From 11:15 to 12:45 that day, there’s an interesting poster by a team of researchers from the University of Limerick titled Can Visual Priming Affect the Perceived Sound Quality of a Voice Signal in Voice over Internet Protocol (VoIP) Applications? This builds on work we discussed in a previous blog entry, where they did a perceptual study of DFA Faders, looking at how people’s perception of mixing changes when the sound engineer only pretends to make an adjustment.

As expected given the location, there’s lots of great work being presented by Italian researchers. The first one that caught my eye is the 2:30-4 poster on Active noise control for snoring reduction. Whether you’re a loud snorer, sleep next to someone who is a loud snorer or just interested in unusual applications of audio signal processing, this one is worth checking out.

Do you get annoyed sometimes when driving and the road surface changes to something really noisy? Surely someone should do a study and find out which roads are noisiest so that then we can put a bit of effort into better road design and better in-vehicle equalisation and noise reduction? Well, now its finally happened with this paper in the same session on Deep Neural Networks for Road Surface Roughness Classification from Acoustic Signals.

Thursday, May 24

If you were to spend only one day this year immersing yourself in frontier audio engineering research, this is the day to do it.

How do people mix music differently in different countries? And do people perceive the mixes differently based on their different cultural backgrounds? These are the sorts of questions our research team here have been asking. Find out more in this 9:30 presentation by Amandine Pras. She led this Case Study of Cultural Influences on Mixing Practices, in collaboration with Brecht De Man (now with Birmingham City University) and myself.

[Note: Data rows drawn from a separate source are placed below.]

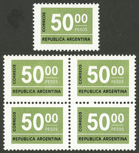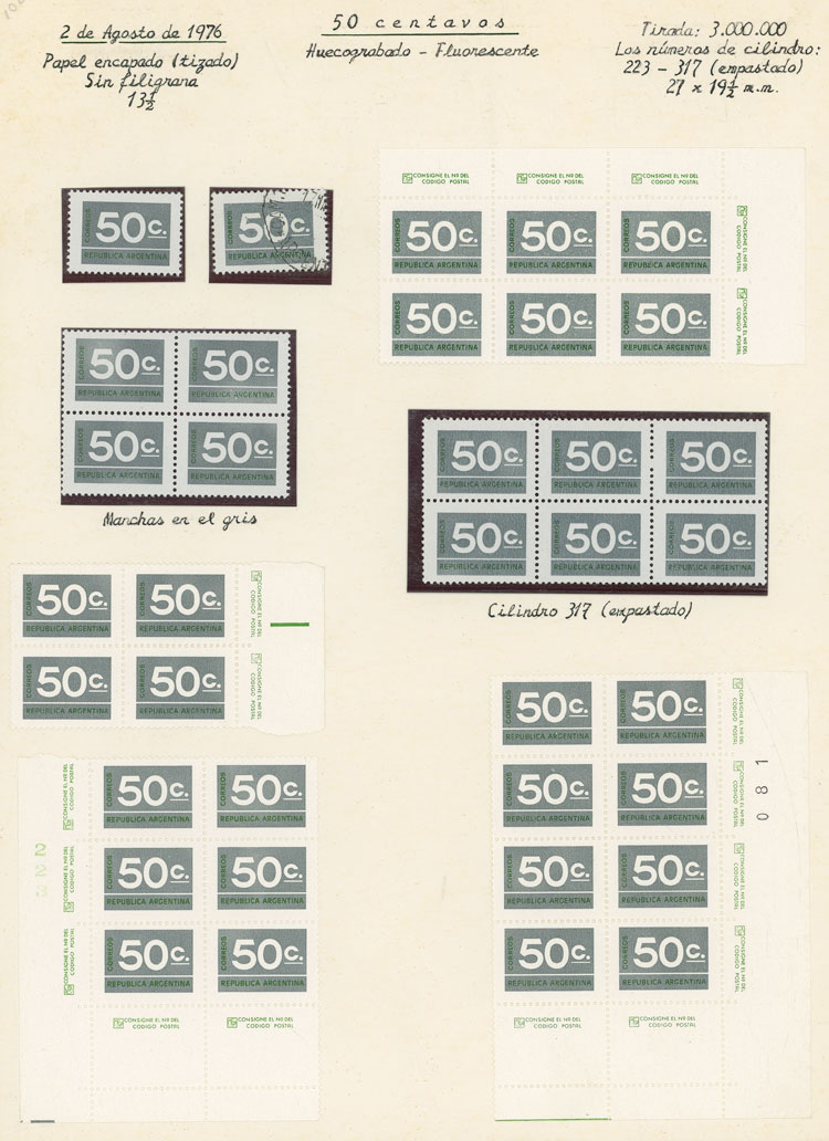 50c. Figures, some of the varieties of this value on album page, there are blocks with printing roll number, VF (Image)
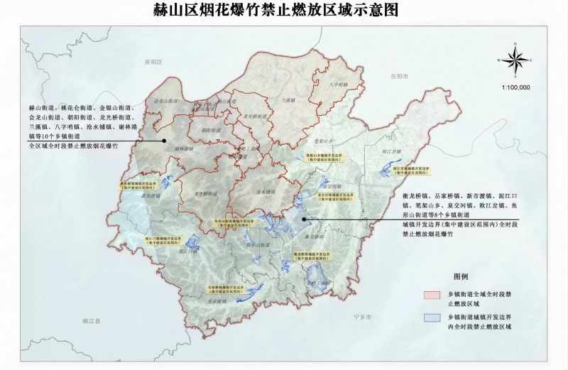 (一)赫山街道、桃花仑街道、金银山街道、会龙山街道、朝阳街道、龙光桥街道、兰溪镇、八字哨镇、沧水铺镇、谢林港镇等10个乡镇街道全区域全时段禁止燃放烟花爆竹;
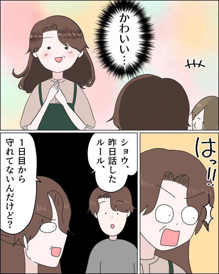 私が作った料理を息子と孫が喜んで食べている姿を見たら、つい、かわいいと目を細めてしまいましたが、ハッと我に返って「ショウ、昨日話したルール、1日目から守れてないんだけど?」と伝えました。
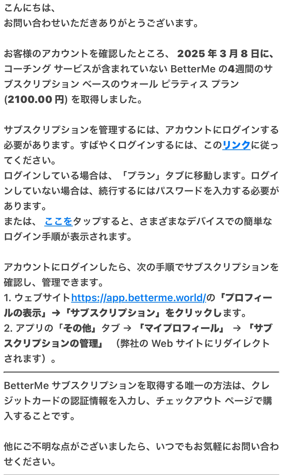 アプリ、またはネットから日本語版で、better me に入り→詳細設定→ヘルプ→ご請求に関するお問い合わせ
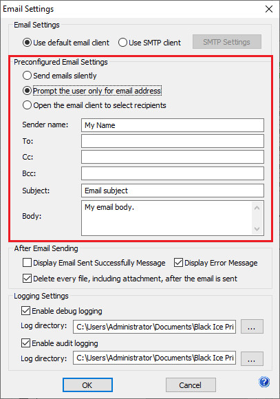 If the Send emails silently option is enabled, users can preconfigure the email preferences including the Sender name, To, Cc, Bcc, Subject and Body, which results silent email sending without any user interaction. If the user prints to the Black Ice Printer Driver will send the email in the background.

Rod Selfridge has been blazing new trails in sound synthesis and procedural audio. He won the Best Student Paper Award at AES 141st Convention and the Best Paper Award at Sound and Music Computing. He’ll give another great presentation at noon on Physically Derived Synthesis Model of an Edge Tone which was also discussed in a recent blog entry.

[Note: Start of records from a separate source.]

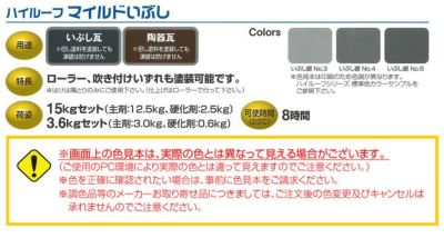 大同塗料のハイルーフマイルドいぶしは、いぶし瓦や陶器瓦の塗装でシーラー、プライマーが省けて塗れる弱溶剤2液型シリコンアクリル樹脂系塗料です。 「ハイルーフマイルドシリコン」同様に、シーラーやプライマーといった下塗り用の塗料が不要です。この塗料の大きな特長は、従来では塗装が難しかった「いぶし瓦」に塗装することが可能になった点です。
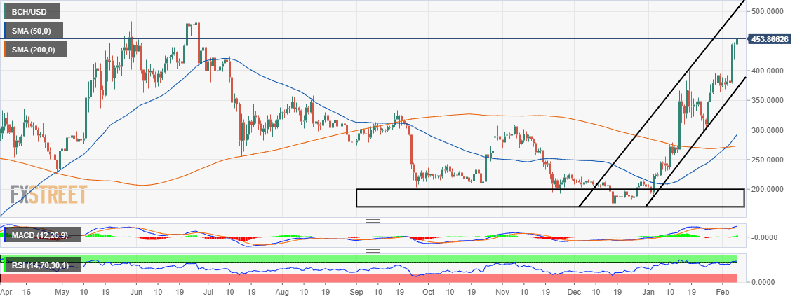 Bitcoin Cash is starting the trading in the green for two days in a row. The bullish action follows a retracement from the previous January high at $403. BCH broke down to levels marginally beneath $300. However, the losses encountered overwhelming buying pressure, which pushed the price significantly above $400 to the extent of settling above $450.
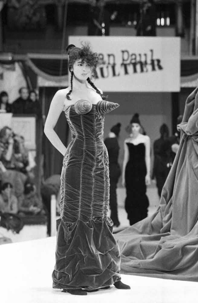 O legado surreal de Jean Paul Gaultier começou na temporada de outono-inverno de 1984. Uma silhueta única com veludo laranja e rosa, no vestido Bombshell Breasts. Adiante, atraiu com seu visual grandes nomes como Madonna com seu corset usado na tour Blond Ambition de 1990. Contudo, eles têm origem de uma memória afetiva do designer, os espartilhos de sua avó, e que foram primeiramente desenvolvidos para Nana, seu urso de pelúcia.
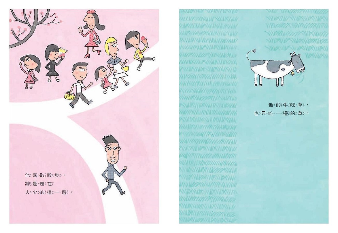 馬一邊是個畫家,而且是個井然有序的畫家,從牆面的掛圖、桌面的擺設、居住的空間,乃至於生活習慣,都有著自己的簡單卻規律的步調。有趣的是,作者運用一整頁的空白,來突顯馬一邊總習慣睡在靠近太陽的這一邊,就連走路及他養的牛,都有自己習慣的某一邊。再來的跨頁帶出他的好朋友──夏冬心,和他居住的位置,一個在山腳一、一個住山頭,各自面向左右兩邊,構圖畫面很平衡、想互對稱,即使兩個人看起來不同,卻是好朋友唷!

I love the title of this next paper, Miniaturized Noise Generation System—A Simulation of a Simulation, which will be presented at 2:30pm by researchers from Intel Technology in Gdansk, Poland. This idea of a meta-simulation is not as uncommon as you might think; we do digital emulation of old analogue synthesizers, and I’ve seen papers on numerical models of Foley rain sound generators.

A highlight for our team here is our 2:45 pm presentation, FXive: A Web Platform for Procedural Sound Synthesis. We’ll be unveiling a disruptive innovation for sound design, FXive.com, aimed at replacing reliance on sound effect libraries. Please come check it out, and get in touch with the presenters or any members of the team to find out more.

Immediately following this is a presentation which asks Can Algorithms Replace a Sound Engineer? This is a question the research team here have also investigated a lot, you could even say it was the main focus of our research for several years. The team behind this presentation are asking it in relation to Auto-EQ. I’m sure it will be interesting, and I hope they reference a few of our papers on the subject.

From 9-10:30, I will chair a Workshop on The State of the Art in Sound Synthesis and Procedural Audio, featuring the world’s experts on the subject. Outside of speech and possibly music, sound synthesis is still in its infancy, but its destined to change the world of sound design in the near future. Find out why.

12:15 — 13:45 is a workshop related to machine learning in audio (a subject that is sometimes called Machine Listening), Deep Learning for Audio Applications. Deep learning can be quite a technical subject, and there’s a lot of hype around it. So a Workshop on the subject is a good way to get a feel for it. See below for another machine listening related workshop on Friday.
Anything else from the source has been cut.